I declare to you, brothers and sisters, that flesh and blood cannot inherit the kingdom of God, nor does the perishable inherit the imperishable.
1 Corinthians 15:36-50, NIV
Don’t overlook all the different examples he puts in there. There’s a reason they seem like they’re all over the place, and it seems confusing to us, because we operate off a different understanding of bodies.
When we talk about bodies in modern society, at least in America, we talk about physical bodies. I don’t use “body” to refer to the spirit. The body and the spirit are two different things, but in the Greek world, in the Roman world, that wasn’t the case. In Paul’s time, body meant spirit and physical matter. It was a different kind of body, but they were both considered bodies.
That’s why he talks about the stars, here.
There are also heavenly bodies and there are earthly bodies; but the splendor of the heavenly bodies is one kind, and the splendor of the earthly bodies is another. The sun has one kind of splendor, the moon another and the stars another; and star differs from star in splendor.
1 Corinthians 15:40-41, NIV
Why are you talking about stars, Paul?
He’s talking about stars because he’s talking about bodies, and stars have bodies, and spirits have bodies. They’re just different kinds of bodies. You see, the the idea of a body and a spirit being separate is not a thing in Rome; it’s not a thing in Greek. A person is a person, and so when they ask what kind of body will we be raised with, they’re not asking, “Will I have a physical body, or will I not have a physical body?” That’s not what they’re asking.

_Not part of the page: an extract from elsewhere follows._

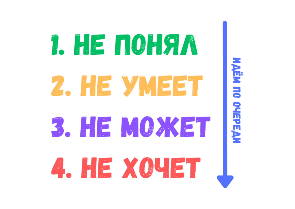 Причина “Не хочет” — это интуитивно простое и понятное объяснение. Но на деле в подавляющем большинстве случаев истина лежит где-то в первых 3-х причинах.

They’re asking, “What will the nature of my body be? How will I look? How will I feel as a spirit or not a spirit” — that is, the way we think of it — “as a ghost or not a ghost?” They’re still concerned with status, and Paul says there’s all kinds of bodies in all of creation — heavenly bodies and earthly bodies, and heavenly bodies differ from heavenly bodies, and there’s different kinds of splendor for different bodies, and there’s Jesus’s body after the resurrection, and there’s Adam’s body when he was created out of dust, and who knows what you’re going to be.
Except, he says, except the flesh — he says in verse 50, the “flesh and blood cannot inherit the kingdom of God, nor does the perishable inherit the [im]perishable,” okay? In other words, your new body, whatever it is, whatever it looks like, this spirit body, as you’re raised with Christ in the resurrection — whatever it looks like, it’s going to do away with your conception of the physical power structure here on earth. Your flesh and blood system, your “I’m higher than those people because of how I look, because I’m not deformed or I don’t have the wrong skin color” — that idea of power structures based on your body is going to go away.
What do we lose if we say let’s blind ourselves to all of the systems that separate us based on our bodies? What do we lose? We lose racial discrimination. We lose sexism. We lose sexual orientation discrimination, because the body doesn’t matter, and so Paul says, in another place, there will be no slave or free; there will be no jew or greek; there will be no male or female. Everybody will have equality and equity in the kingdom of God.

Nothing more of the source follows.